### ASSIGNMENT
Reproduce the data exactly and drop any pictures it holds.

(Data excerpts)
:::
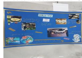
One of the vision boards
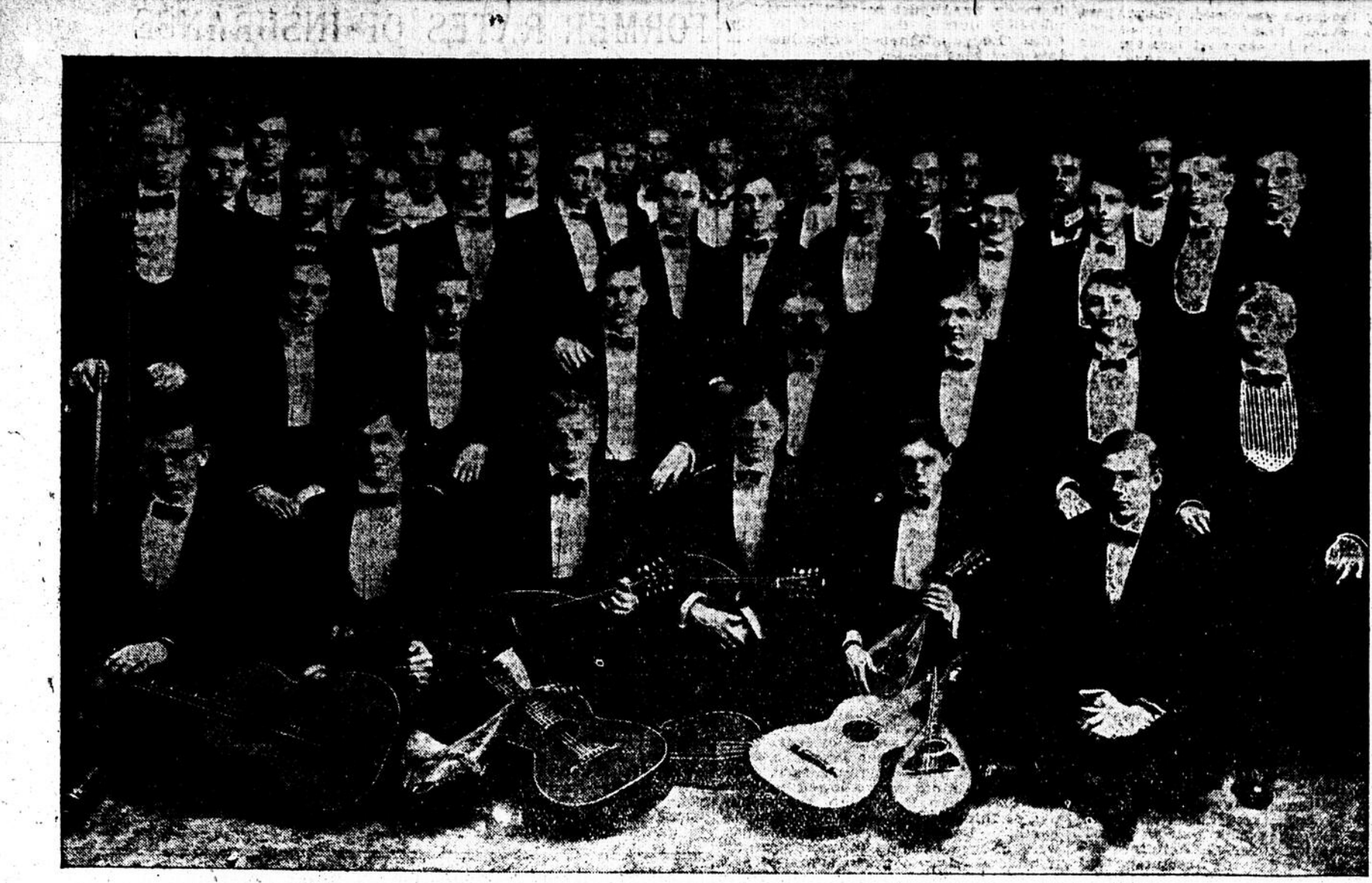
MEMBERS OF THE WILLIAMS COLLEGE MUSICAL ASSOCIATION, AT WINDSOR HALL, NEXT SATURDAY EVENING.

The music-loving public of Montreal will be given an opportunity to gratify their tastes by attending the concert to be given by the Williams College Musical Association, of Williamstown, Mass., in the Windsor Hall next Saturday evening.
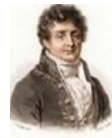
Carl Friedrich Gauss

Known for proving Mohr-Mascheroni theorem
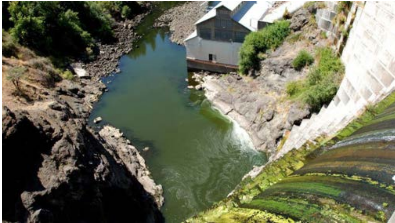
Water trickles over a dam on the Klamath River outside Hornbrook, CA.
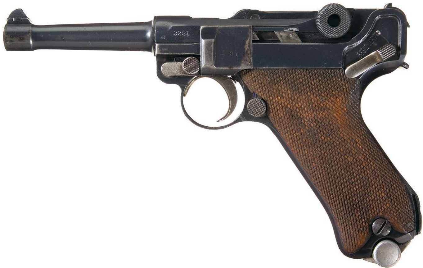
Early Type 1 SN 6745
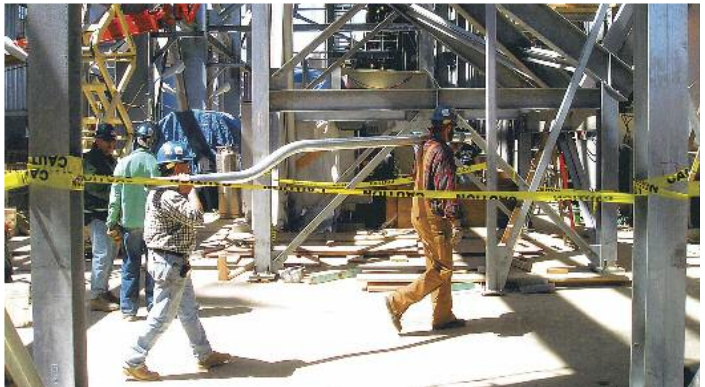
The jobs of thousands of IBEW members are on the line, as anti-union ABC campaigns to outlaw PLAs proliferate across the country.

In the past year, two California municipalities have passed anti-union initiatives that have many construction workers throughout the state worried about their jobs and future.
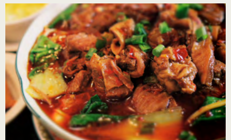
牛腩麵 Beef Stew Noodle Soup $10.98
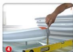
4 Using rocker to measure proper size
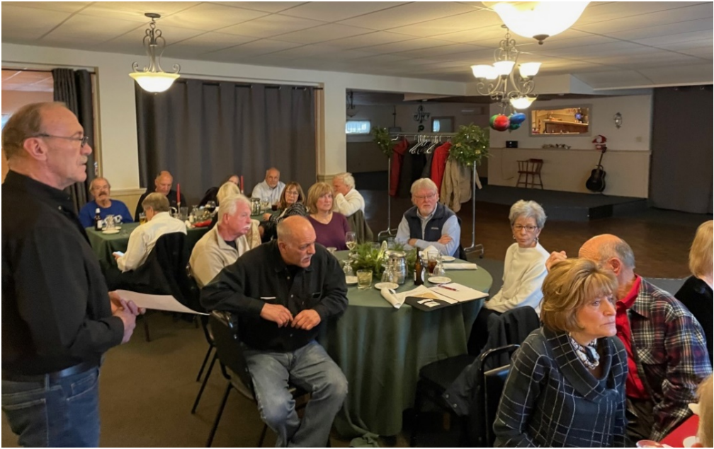
Monthly Meeting at Fosters Coach house
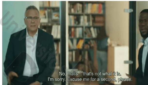
Figure 9. Scene 00.36.20

Which will be shown in the dialogue below:
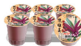
RU YI LAN DRINKS 185g*6cups*6trays
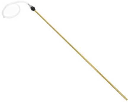
30" Brass Bar Hole Probe (5/16 OD) With Hose Assembly
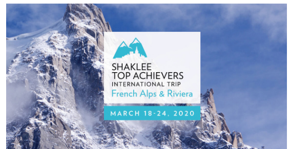
French Alps & French Riviera Top Achievers 2020
:::
### TASK RESPONSE
One of the vision boards
MEMBERS OF THE WILLIAMS COLLEGE MUSICAL ASSOCIATION, AT WINDSOR HALL, NEXT SATURDAY EVENING.

The music-loving public of Montreal will be given an opportunity to gratify their tastes by attending the concert to be given by the Williams College Musical Association, of Williamstown, Mass., in the Windsor Hall next Saturday evening.
Carl Friedrich Gauss

Known for proving Mohr-Mascheroni theorem
Water trickles over a dam on the Klamath River outside Hornbrook, CA.
Early Type 1 SN 6745
The jobs of thousands of IBEW members are on the line, as anti-union ABC campaigns to outlaw PLAs proliferate across the country.

In the past year, two California municipalities have passed anti-union initiatives that have many construction workers throughout the state worried about their jobs and future.
牛腩麵 Beef Stew Noodle Soup $10.98
4 Using rocker to measure proper size
Monthly Meeting at Fosters Coach house
Figure 9. Scene 00.36.20

Which will be shown in the dialogue below:
RU YI LAN DRINKS 185g*6cups*6trays
30" Brass Bar Hole Probe (5/16 OD) With Hose Assembly
French Alps & French Riviera Top Achievers 2020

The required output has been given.